First of all, my name is Emily Markings. Easy to pronounce and not some made up name that some fan girl  
obsessed with fancy elves took from another crazed fan girls story. However, that is the only thing separating me from the multitude of crazed MS'. Well, that and the fact that I cannot stand the lord of the rings. Don't get me wrong, the plot is awesome and all but I only saw the movie version…and the only thing appealing was Viggo Peter Mortensen Jr, scuffed up and looking manly; as well as the cute little hobbits with the tooth gaps and werewolf syndrome feet.

So…anyway, you're probably wondering how I ended up as a Mary Sue and in Middle Earth…*gasp*…well, here it is. I didn't die in some car accident, only to magically awaken in ME for a second chance at life, I wasn't imbued with awesome power and I didn't read a spell…nor did I pull a Narnia and go venturing through a closet. Oh, no, I didn't end up there in any of these ways.

No, I did the practical thing. I took a bus.

Now, yes, you're probably rereading that last sentence to make sure that the hours of guzzling Monsters and reading cliché fan fiction hasn't muddled up your brain….but I assure you. I went there by BUS. After taking in the information I have presented you have most likely moved on to your next train of thought…. WTF?

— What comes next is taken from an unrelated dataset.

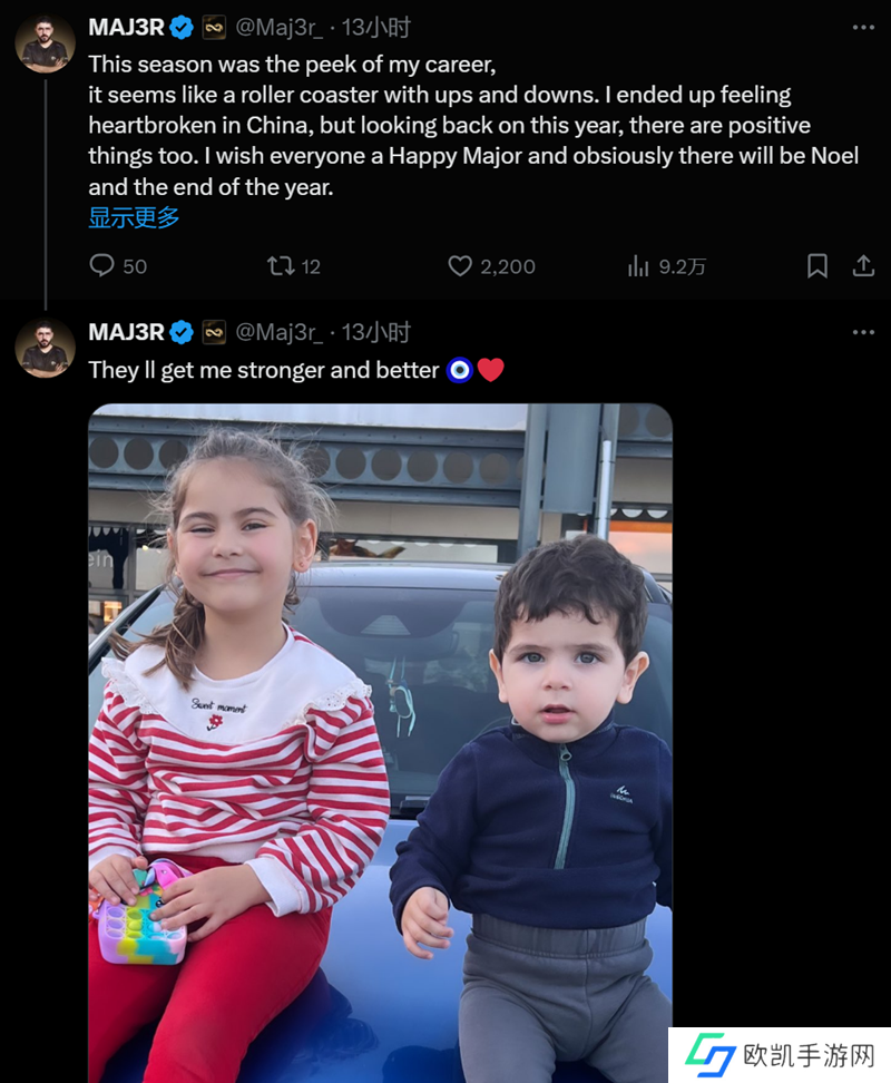 这就像是过山车,有起有落。我在中国最终感到心碎,但回顾这一年,也有积极的事情。祝大家Major快乐,当然还有圣诞和新年。我花时间和家人在一起治愈我的伤口。不久再见,保重。”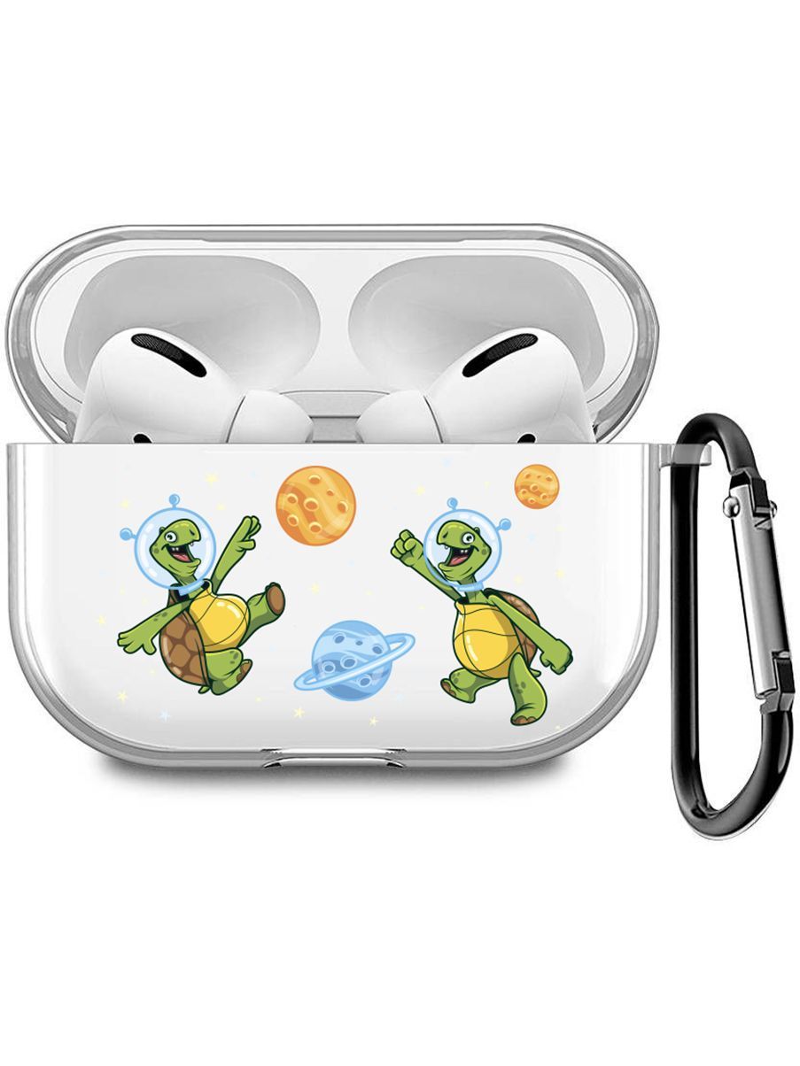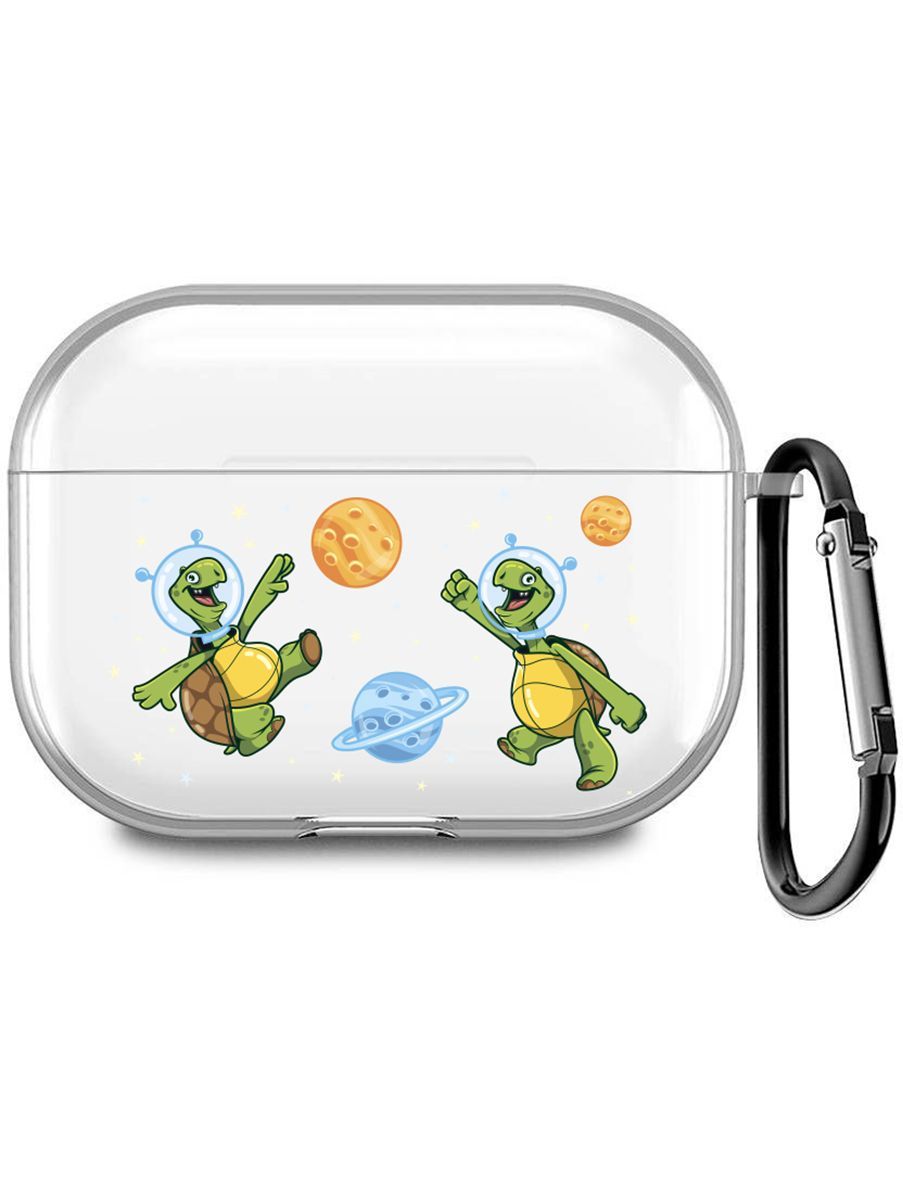 Прозрачный чехол для наушников AirPods Pro / на АирПодс Про силиконовый с 3D принтом "CosmoTurtles"

How does a girl travel from dimension to dimension, from time period to time period via a public transportation vehicle?

Haven't you seen 'Back to the Future'? It's totally possible… and if you think its not, take it up with Doc.

Now, I'm going off tangent. Again, my name is Elamaristagahno…no, I won't be that mean. My name is Emily Marking, I'm 18 with a degree in kick ass and film studies…self taught…and I work as a cashier at the local grocery store during my summers. However, I took a month off to visit my mom who happened to be in the next town over… a place that happened to be called Rivendell. Don't look at me like that, how was I supposed to know the bloody bus driver would happen to be a LOTR fanatic/time traveler?

Anyway, I guess we should start the retelling of how I came to be a Mary Sue. Ugh.


	2. Pirate Time Travelers, oh my

Hey, I decided to write another chapter. I was pimp slapped by Inspiration and decided to do as he said. Anyway, please review. It encourages me. Though I am flattered that some fav'ed and alerted it.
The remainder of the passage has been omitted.